Flexible Modular Designs for all Mixing Tasks and Viscosity Ranges
EKATO Rühr- und Mischtechnik GmbH, global market leader in mixing and dispersion technology, has a modular mixing system that can process products across all normal viscosity ranges. Different variations of the EKATO PARAVISC system are being used for the production of pharmaceuticals, for cosmetics such as salves, for gels, toothpastes, shampoos and for various foodstuffs. Another area where they are used is in the production of paste-like products such as automobile protective coatings, glues, paints, varnishes and building materials.
By combining various individual components, the flexible modular design system can address the most diverse mixing requirements. This can enable one vessel to be designed to perform process steps that previously had to be performed in separate vessels, and/or to process a diverse range of products in one vessel. Various components of the modular system can be installed in order to address the need for versatility and/or demanding mixing tasks.
Advantages compared to other mixer types
The main component of this mixing system is the EKATO PARAVISC. Products in a viscosity range of 1 to 1,000,000 mPa s can be mixed by this type of impeller. The PARAVISC is a near-wall, axial pumping impeller that is typically used for blending highly viscous media. It is a positive displacement impeller, similar a helical ribbon impeller. However, in contrast to a helical ribbon, the design of the PARAVISC only requires radial arms near to the base of the vessel. Therefore it is possible to install internal baffles and/or eccentrically arranged agitators that cover almost the entire filling height range. Compared to traditional anchor impellers the PARAVISC provides superior blending and entrainment due to the axial flows induced. The blending time constant n*? of the PARAVISC lies within the range n*? = 20 – 60 across all viscosity ranges.

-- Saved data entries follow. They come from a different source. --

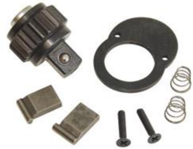
4603 repair kit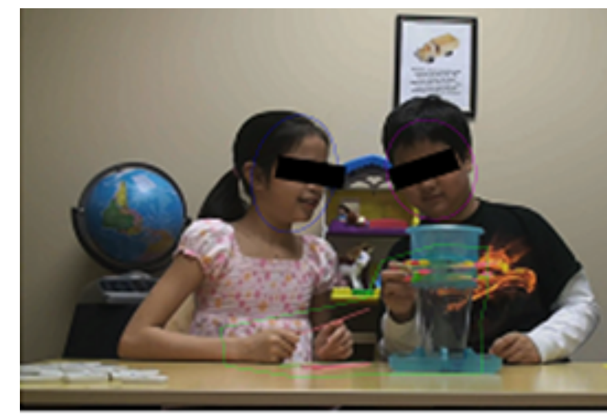
Figure 2. ET paradigm in which actors do not speak during a shared activity.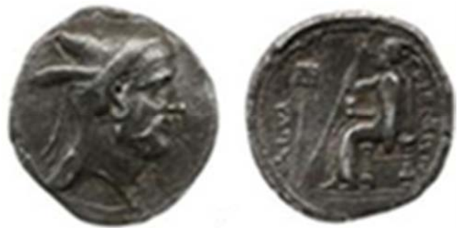
Figure 1. Bagadat [60].

Bagadat coins have minted in two different sets. The first set (Figure 1) is considerably different from the other Frataraka coins in type and design. The second set is more like other coins of Frataraka kings and Alram [30] believes that this set is newer than the coins of the current king (Figure 2).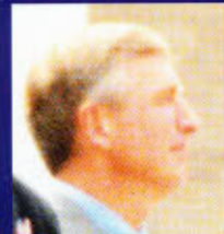
Dick Posthumus Lt. Governor, Michigan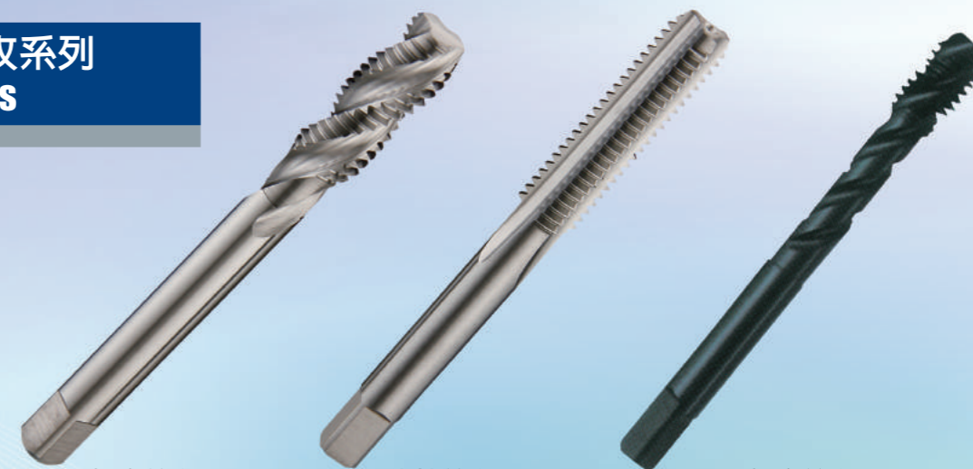
螺旋絲攻 Spiral Flute Taps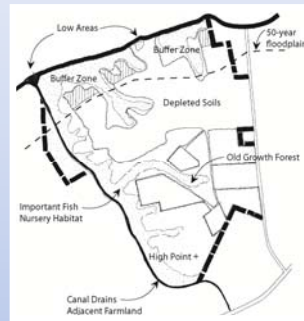
Site plans should clearly identify pre-existing features and resources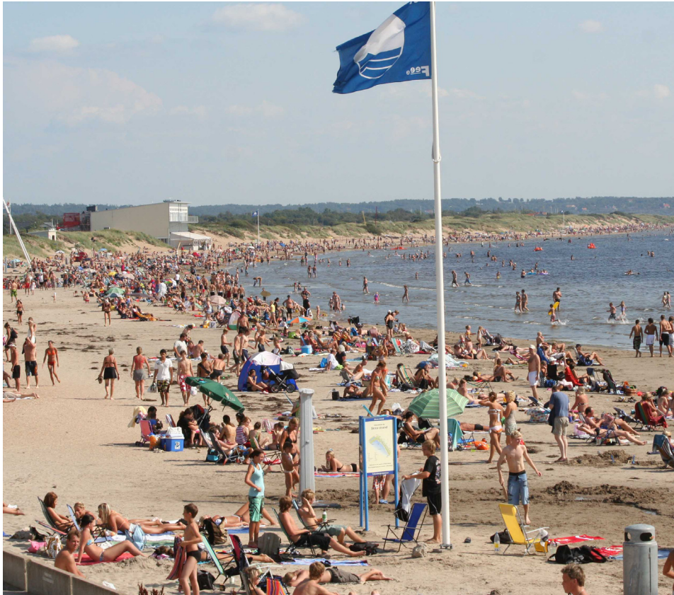
Skrea Beach on a sunny day.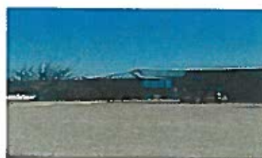
ANDREW SENIORS LODGE Andrew, Alberta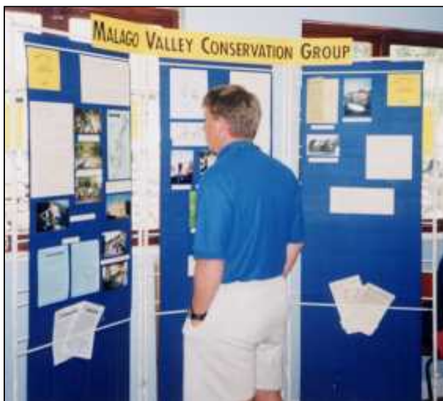
Fun on the Farm

do, of course, is sell copies, so if you have any ideas for marketing, please give me a ring.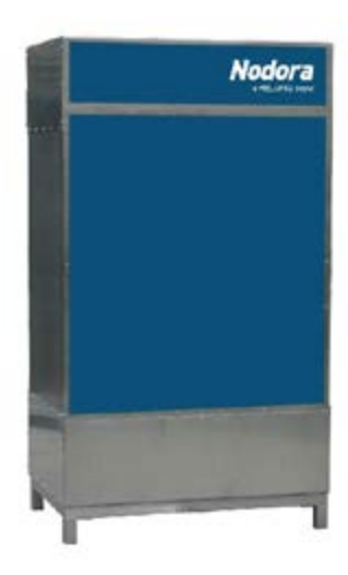
Odors to remove or emissions to treat?

The combination of a compact design and industrial grade, high-performance odor treatment enables new options for planners and consultants. Odorous off-gas can be released in underground parking garages and court yards, making ductwork less costly and cumbersome.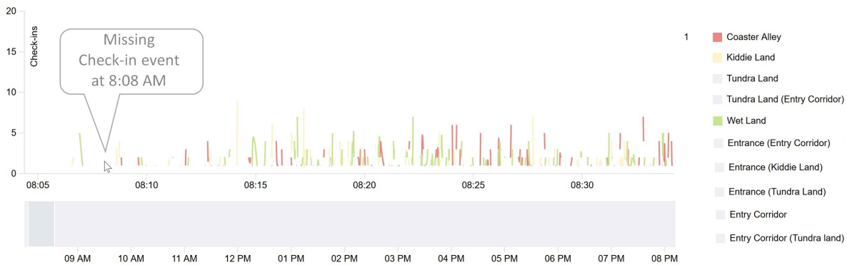
Figure 3: Temporal Determinacy Problem.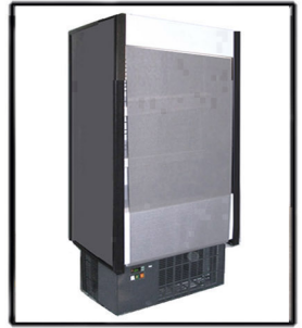
PULL DOWN NIGHT SHADE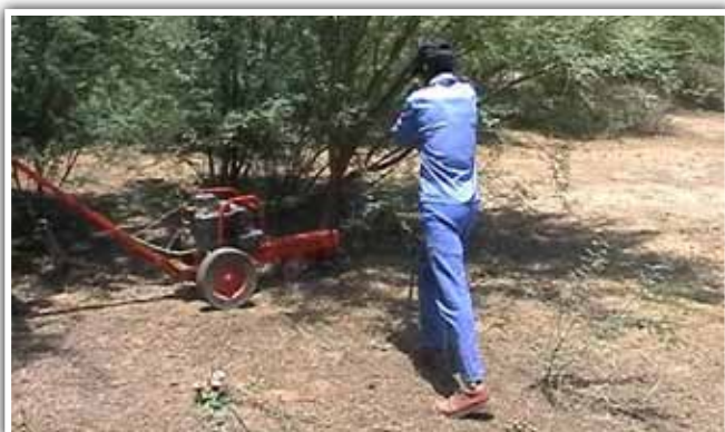
Mechanical control of invader bush. (Nico de Klerk)

Mechanical control involves the use of bulldozers, axes, chainsaws and so forth. Bulldozing leads to severe soil surface disturbance and often leads to an even denser woody component than before. It is for this reason that it is not recommended as a method to deal with bush encroachment. Using axes, chainsaws and other such tools is only recommended if bush is removed in such a way that the coppicing buds are destroyed, or, where coppicing does occur, the stumps are treated with an appropriate arboricide.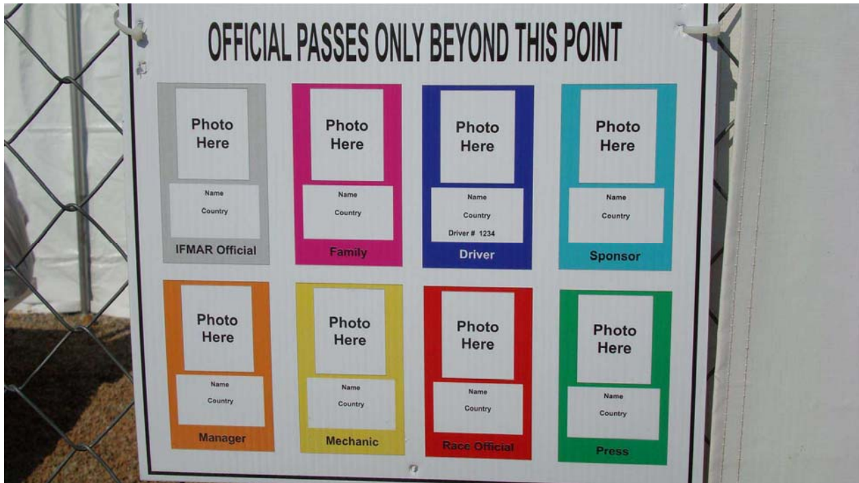
Figure 6. Examples of ID badges that will be issued

The following are frequencies that are permitted: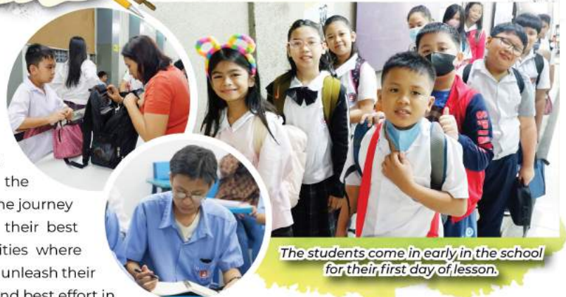
The students come in early in the school for their first day of lesson.

Through the years, UCA develops students engraved with culture of excellence so that they may become good citizens of the society. With God's greater favor to the school, it will continue to rise above in academics and bring students in the knowledge of the Lord.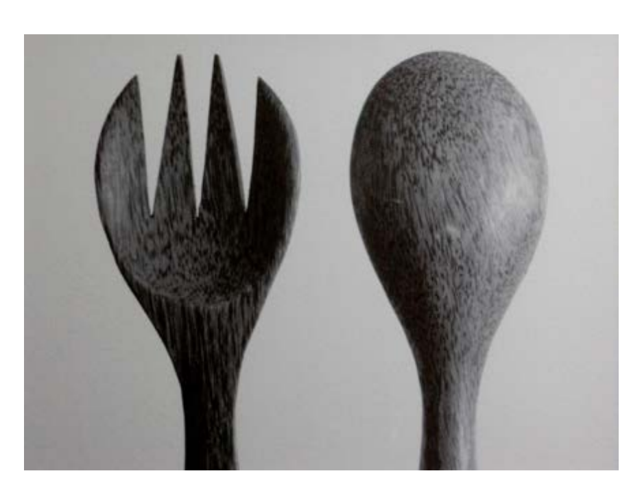
Fork and Spoon, 2003. Digital print.

"...carefully selected and isolated distillations of reality through the filters of subjectivity, a sort of creative shorthand for the relationship between the individual and the world. Importantly both also leave plenty of space for the viewer/ reader to insert themselves in a dynamic and involving response."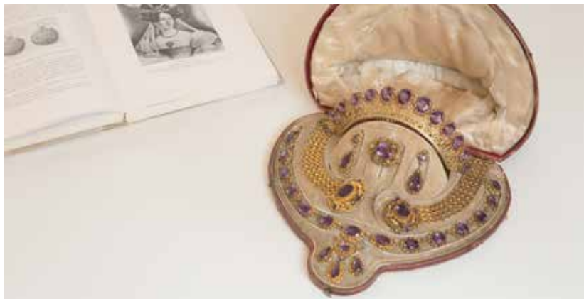
A History of Jewelry, from Louis XIV to Art Deco 一段珠宝历史：路易十四至装饰艺术时期

了解 Van Cleef & Arpels 梵克雅宝最为传奇的创意与非凡的作品，包括傲人的隐密式镶嵌技术 Mystery Set™, Zip 项链、Minaudière™ 百宝匣及 “Poetic Theaters” (诗意国度)。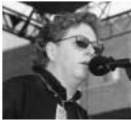
Everyone is invited to Folk Festival 2002 at UMass Boston, Sept. 21 - 22. Details on page 6.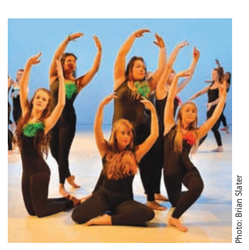
Participants in the aDvANCE National event

The Museum continued local partnerships with Orleans House Gallery, artsrichmond and The Lovekyn Consort (based at Hampton Court Palace) to coordinate activities around the Richmond Gardens Festival (May-October 2013). Museum visits were combined with summer evening music concerts in the Salon, guided walks and local artists' sketching days. The Museum will continue to develop these highly popular formats.

Intelligent combination of agitation components
Wall scrapers can be mounted on the PARAVISC using round vertical supports so that they can move to accommodate unevenness and irregularities in vessel shape. Wall scrapers are particularly useful to minimize fouling on vessel walls and when residue is to be minimized, for instance during discharge, or when heat transfer must to be improved. The design of the wall scrapers can be varied to address specific characteristics of the product. Robust, non-adjustable scrapers are primarily used where crust formations occur. GMP-compliant flexible scrapers are often used for pharmaceutics and cosmetics applications; they adjust to unevenness with help of the product flow alone, and do not need springs.
Another useful component is the dissolver-disc. This can be used as an off-center mixing system and combined with a PARAVISC to fulfill demanding dispersing tasks. A typical application for this combination is adding and dispersing large amounts of fillers such as starch, lime, silica or synthetic powders into viscous liquids.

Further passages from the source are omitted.